Within that customer experience, we’re usually most focused on the differentiating element of a brand. A lot of brands can put together a combination of tools to get themselves in the right places. They can have a site that has all the functionality needed connecting to the CMS that powers it, but it can be nearly identical to everyone else. However, having a truly ownable look and feel that can be seamlessly translated to those environments is more difficult. When you can achieve that, you’re more recognizable and are truly differentiating yourself from the industry. We focus on how each of those touch points can be highly curated and strategic, as opposed to simply functioning.

Do you have any advice or best practices for SEO?

Never make a decision that will have a negative impact on your users or your brand in the name of SEO.

Is there any aspect of building, designing, or marketing a website that I haven’t touched on, or anything you’d like to add?

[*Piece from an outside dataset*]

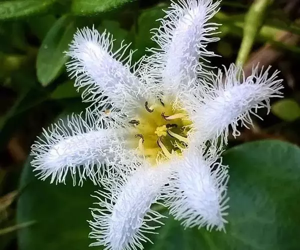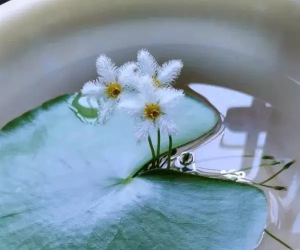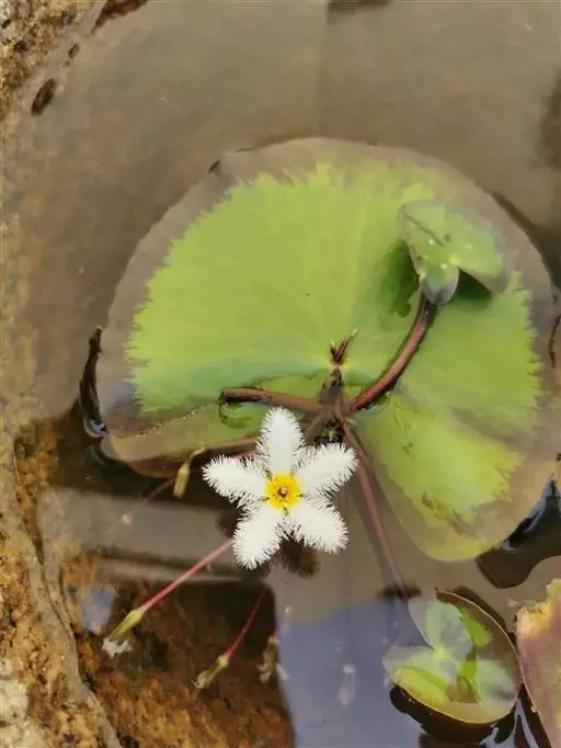 金银莲花又名印度莕菜,是公园常见的水生花卉,叶似睡莲,椭圆形至心形,革质光滑,青绿色,漂浮于水面;常在夏天开白色的小花,花齿绒毛状,幼小娇柔,开在碧波绿叶上,朵朵小花星星点点,能洒满整个水面,微风拂过,随风荡漾,摇曳生姿,带给人一种花欲静而风不止,景有尽而意无穷的美感。在风景区或公园湖面成片种植金银莲花,夏秋时节,那白色的小花,星罗棋布,银光闪闪,极目远眺,田园风光,秀色可餐。

Hire a trusted partner to work with you to create the digital destination you need and best understand both the cost of ownership as well as the power of having the right system in place. At all times, use a strong, shared understanding of your own company, brand, and customers as the compass to navigate the seas of technology.

Expert quote
"A paid platform today must have a heavily maintained and supported resource center, and a good service model for marketers, technologists, or developers to provide access to staff for troubleshooting or recommending workarounds to non-traditional requests. One of the most interesting things about open source options in lieu of paid platforms is that even though there’s usually not real-time customer support, solutions to development problems are essentially “crowdsourced” by a community of developers who share and collaborate. You’re not subject to product development cycles; there’s constant innovation and collaboration."